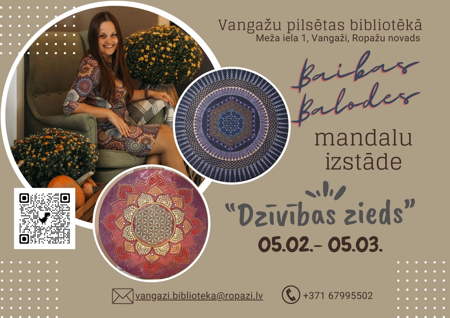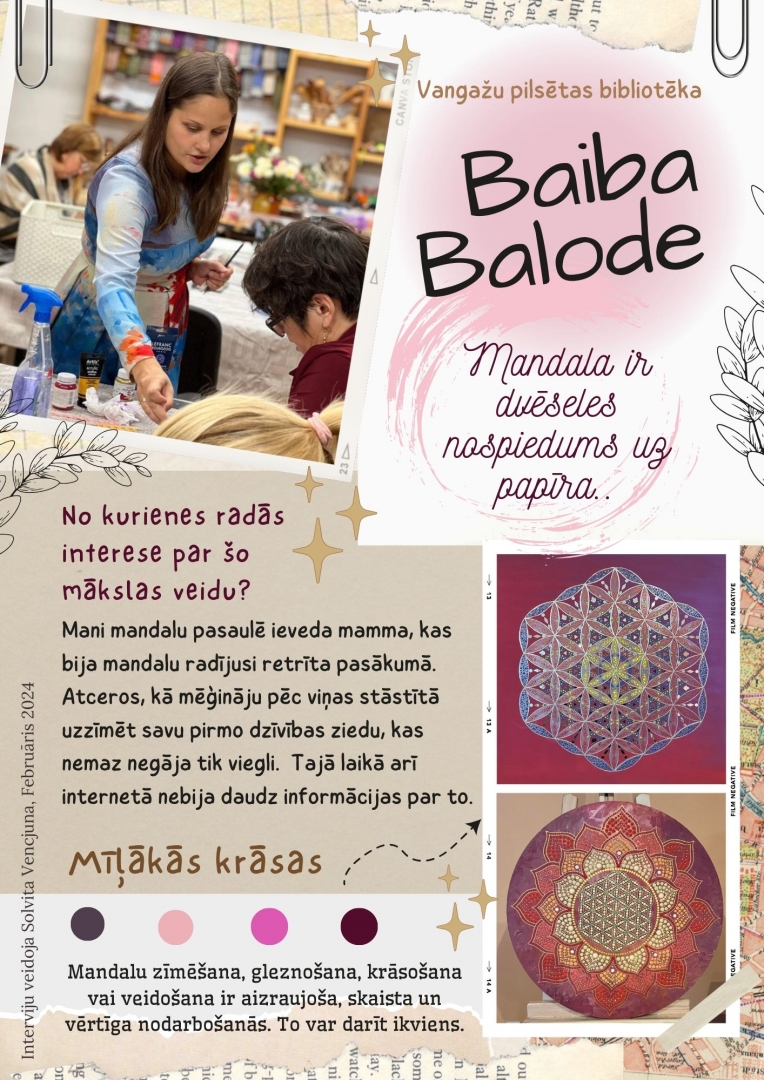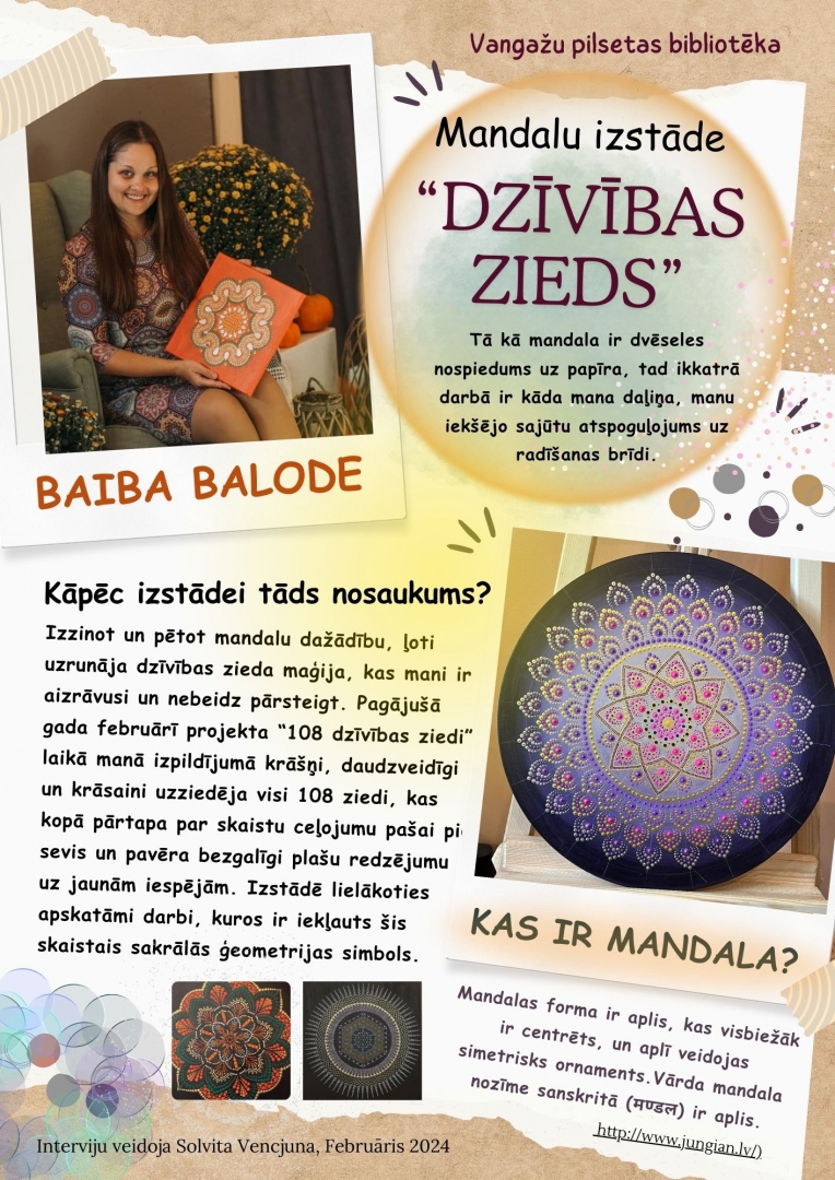 Baibas Balodes mandalu izstāde “Dzīvības zieds” Vangažu pilsētas bibliotēkā
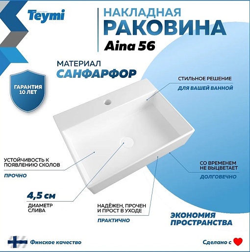 Мебельная раковина накладная Aina 56 белая T50005
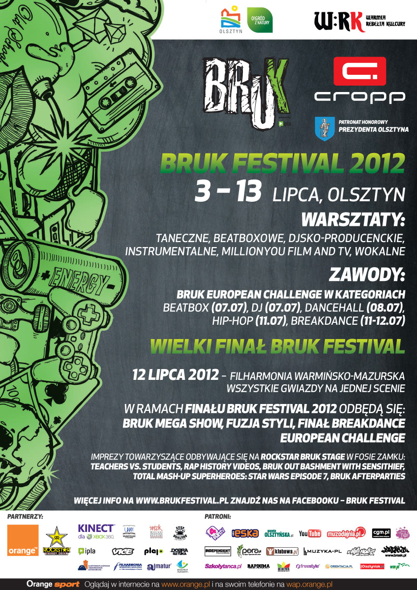 Bruk Festival we współpracy z Urzędem Miasta Olsztyna, Urzędem Marszałkowskim Województwa Warmińsko-Mazurskiego, Filharmonią Warmińsko Mazurską, Planetarium i Obserwatorium Astronomicznym, Uniwersytetem Warmińsko Mazurskim i Miejskim Ośrodkiem Kultury Olsztyn zapraszają na największe wydarzenie kulturalne tego roku - Bruk Festival 2012.

++++++++

What is required: What should appear is an exact reproduction of the lines from the one with "Мебельная раковина накладная" through the end of the material above, and no pictures.

Output of the task:
 Мебельная раковина накладная Aina 56 белая T50005
 Bruk Festival we współpracy z Urzędem Miasta Olsztyna, Urzędem Marszałkowskim Województwa Warmińsko-Mazurskiego, Filharmonią Warmińsko Mazurską, Planetarium i Obserwatorium Astronomicznym, Uniwersytetem Warmińsko Mazurskim i Miejskim Ośrodkiem Kultury Olsztyn zapraszają na największe wydarzenie kulturalne tego roku - Bruk Festival 2012.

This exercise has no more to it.